> The input

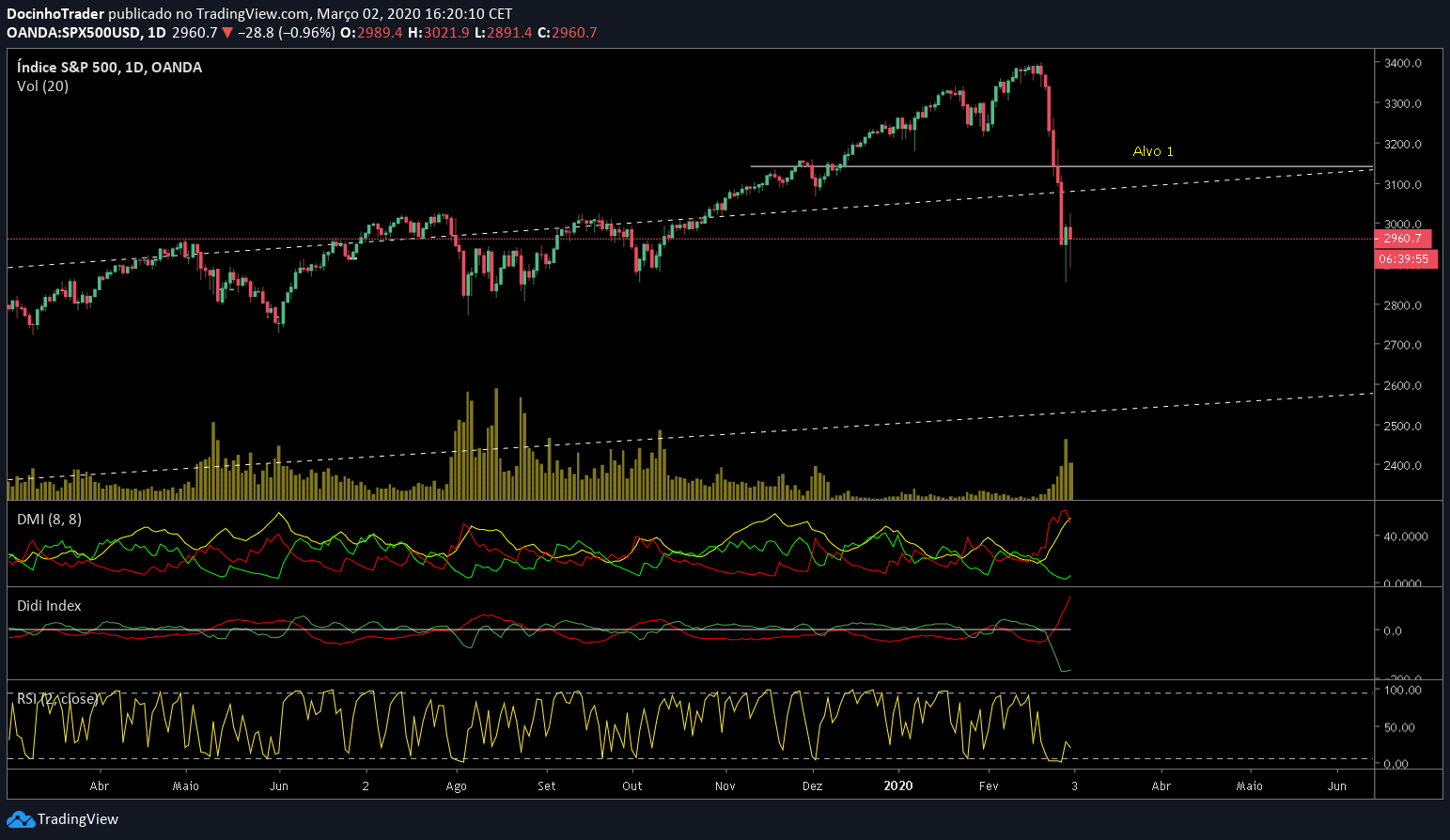 Provável estabilização do "pai de todos os índices Mundiais", o S&P500, para a sessão de hoje, 1/graças ao estado oversold, 2/às mega quedas das últimas 6 sessões, 3/à mini recessão Corona Fev/Mar já assumida por todos e 4/à quase garantida queda da taxa de juro da FED.
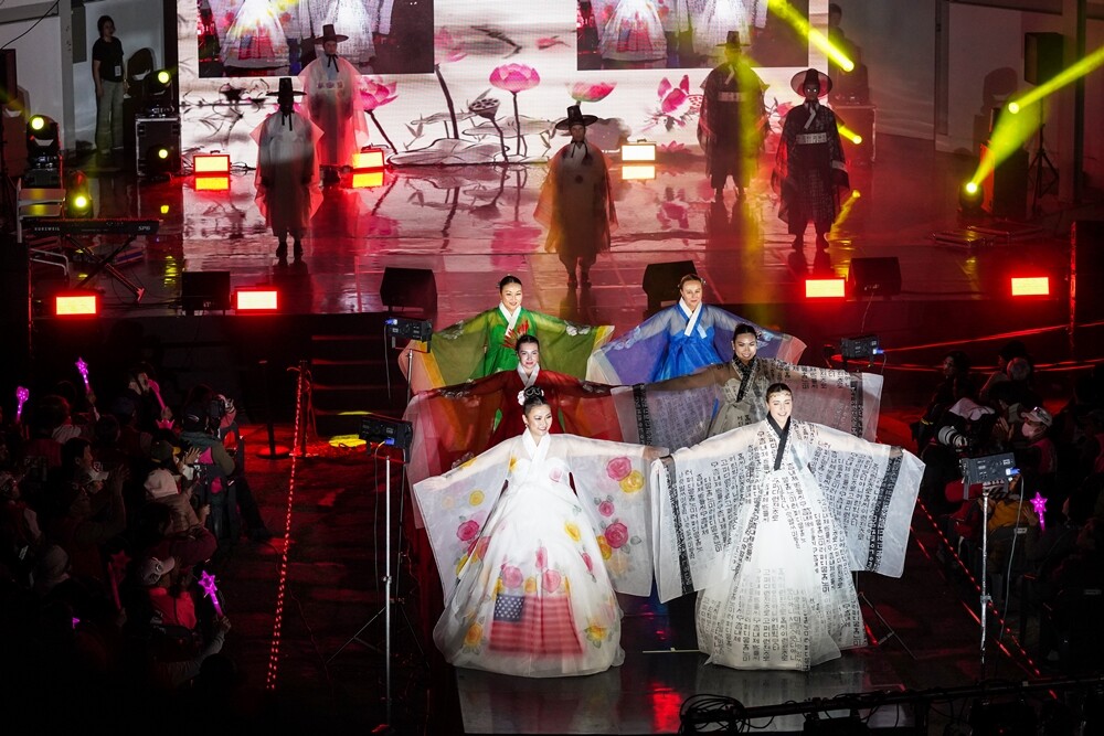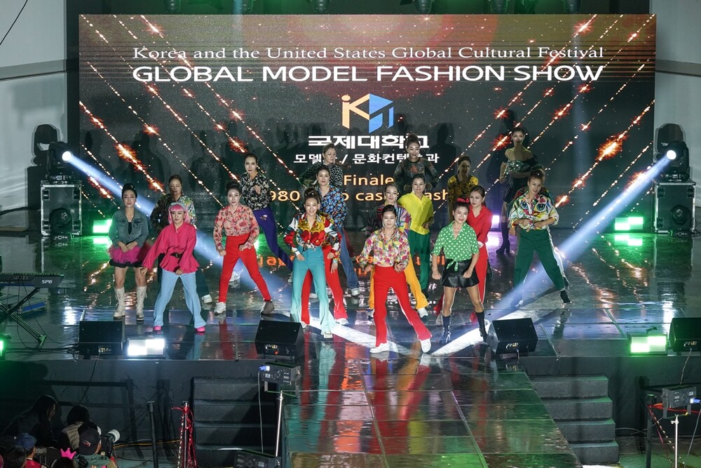 국제대 모델과와 문화예술콘텐츠과의 교수진과 학생들이 ‘2024 한미 다문화 시민통합 축제’에서 한복패션쇼를 선보이고 있다. 사진=국제대 제공 |
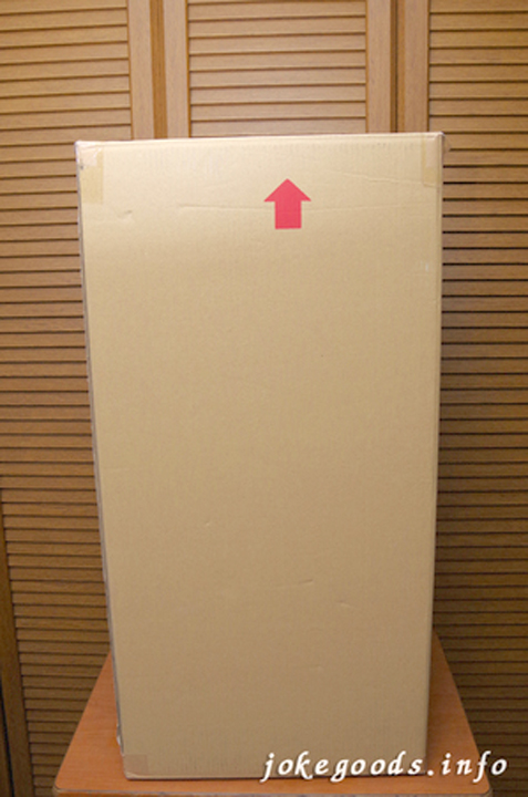 注文するとこの状態で届きます。大きな無地の段ボール箱ですが、中はぬいぐるみなので重さはそれほどありません。本体の公称重量は約1.8kgですから、片手でも楽に持ち上げられる重さです。
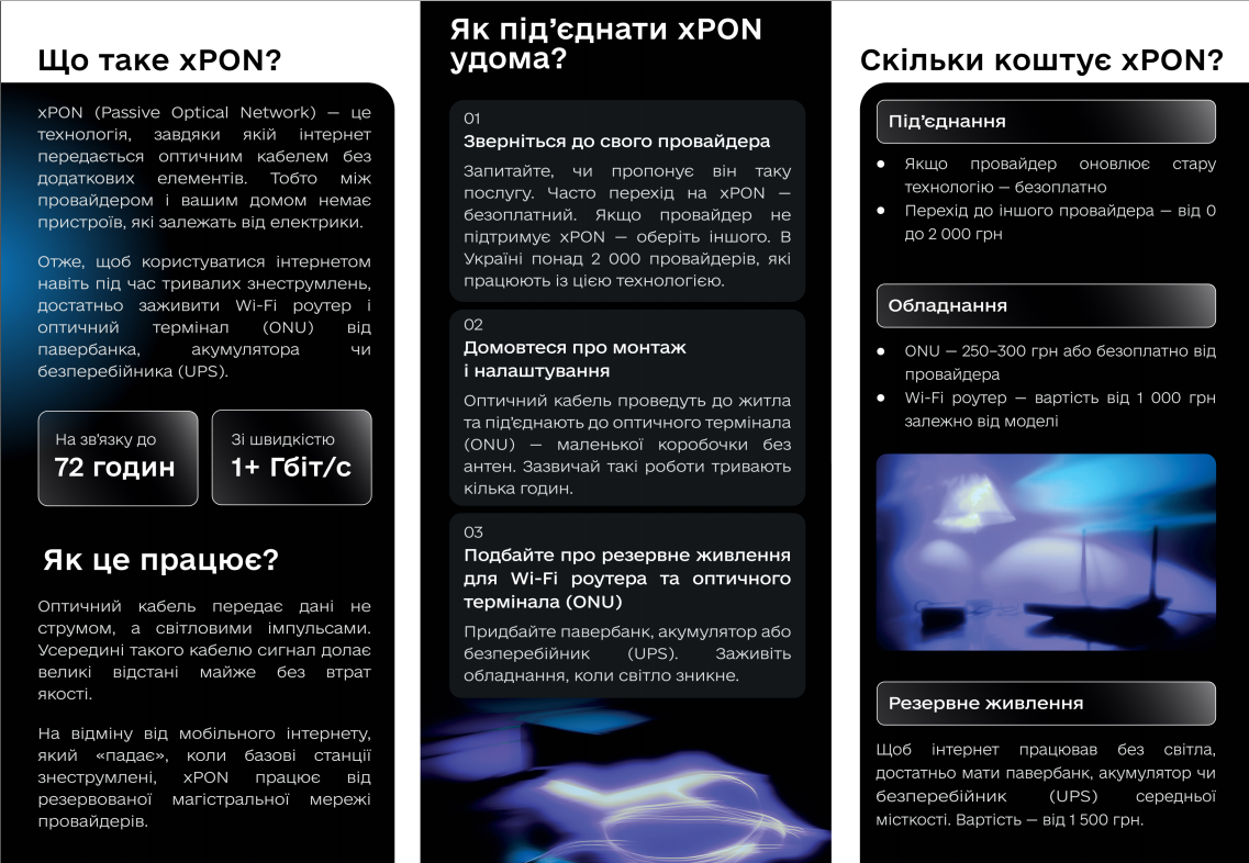 Ось ви вже маєте доступ до оптоволоконного інтернету! Але при відключеннях світла цього замало... Треба мати резервне живлення для свого ONU/ONT терміналу, та Wi-Fi роутера:
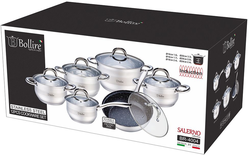 Набор посуды BOLLIRE BR-4004 по выгодной цене. Вам достаточно оформить заказ онлайн на сайте или по телефонам (029) 6 10 22 11, (033) 6 10 22 11, (017) 2 18 33 22.

> Activity
Copy the records word for word, leaving no picture in the copy.

> Response to this task
 Provável estabilização do "pai de todos os índices Mundiais", o S&P500, para a sessão de hoje, 1/graças ao estado oversold, 2/às mega quedas das últimas 6 sessões, 3/à mini recessão Corona Fev/Mar já assumida por todos e 4/à quase garantida queda da taxa de juro da FED.
 국제대 모델과와 문화예술콘텐츠과의 교수진과 학생들이 ‘2024 한미 다문화 시민통합 축제’에서 한복패션쇼를 선보이고 있다. 사진=국제대 제공 |
 注文するとこの状態で届きます。大きな無地の段ボール箱ですが、中はぬいぐるみなので重さはそれほどありません。本体の公称重量は約1.8kgですから、片手でも楽に持ち上げられる重さです。
 Ось ви вже маєте доступ до оптоволоконного інтернету! Але при відключеннях світла цього замало... Треба мати резервне живлення для свого ONU/ONT терміналу, та Wi-Fi роутера:
 Набор посуды BOLLIRE BR-4004 по выгодной цене. Вам достаточно оформить заказ онлайн на сайте или по телефонам (029) 6 10 22 11, (033) 6 10 22 11, (017) 2 18 33 22.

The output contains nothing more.